Oil steadied on June 21, paring earlier losses, but was set for its largest price slide in the first half of any year for the past two decades, as investors discounted evidence of strong compliance by major producers with a deal to cut global output.

August Brent crude futures were flat at $46.02 a barrel (bbl) by 6:07 a.m. CT (11:07 GMT), having fallen earlier to seven-month lows.

West Texas Intermediate crude futures for August delivery were up 4 cents at $43.55, having hit their lowest since September on June 20.

So far this year, oil has lost 20% in value, its worst performance for the first six months of the year since 1997.

Compliance with an agreement by OPEC and other producers to cut output by 1.8 million bbl/d from January reached its highest in May since the curbs were agreed last year.

"The slide in oil prices seems to be unstoppable," said Julius Baer commodities research analyst Carsten Menke.

"The supply deal’s effectiveness is increasingly questioned. We believe that downside risks to oil prices from a [disorderly] and early unwinding have risen ... we still see prices trading sideways, spending more time in the high 40s than the low 50s as growing shale output and stagnant western world oil demand undermine the Middle East's restriction efforts," Menke said.
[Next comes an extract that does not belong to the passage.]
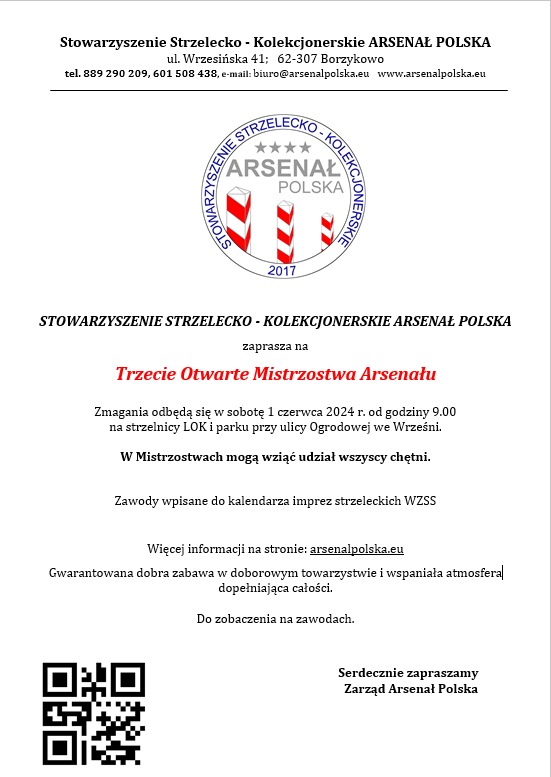 Serdecznie zapraszamy 09 czerwca 2024 roku na strzelnicę KS TARCZA Szamotuły w Mutowie. Tym razem walczymy o TYTUŁ MISTRZOWSKIEGO KLUBU. Początek zawodów godz. 9.00. Zapisy do godz 11.00 w dniu zawodów.

Data from the American Petroleum Institute on June 20 showed U.S. crude stockpiles last week had dropped more than forecast. Gasoline and distillate inventories rose.

A government report on inventories is due at 9:30 a.m. CT (14:30 GMT) on June 21 and the official figures often differ sharply from those of the industry group.

OPEC and non-OPEC oil producers' compliance with the output deal reached 106% in May, a source familiar with the matter said June 20. That means they cut output by more than they were required to do.

OPEC compliance with the curbs was 108%, while non-OPEC compliance was 100%, the source said. Another source confirmed compliance by all producers in May was 106%.

While compliance is high, it is what went on before the production cut that counts, BMI Research said in a note.

"A number of producers—notably Iraq, Saudi Arabia and Russia—aggressively ramped up output in the run-up to the deal, fast-tracking projects, expanding drilling programs and deploying spare capacity," BMI said.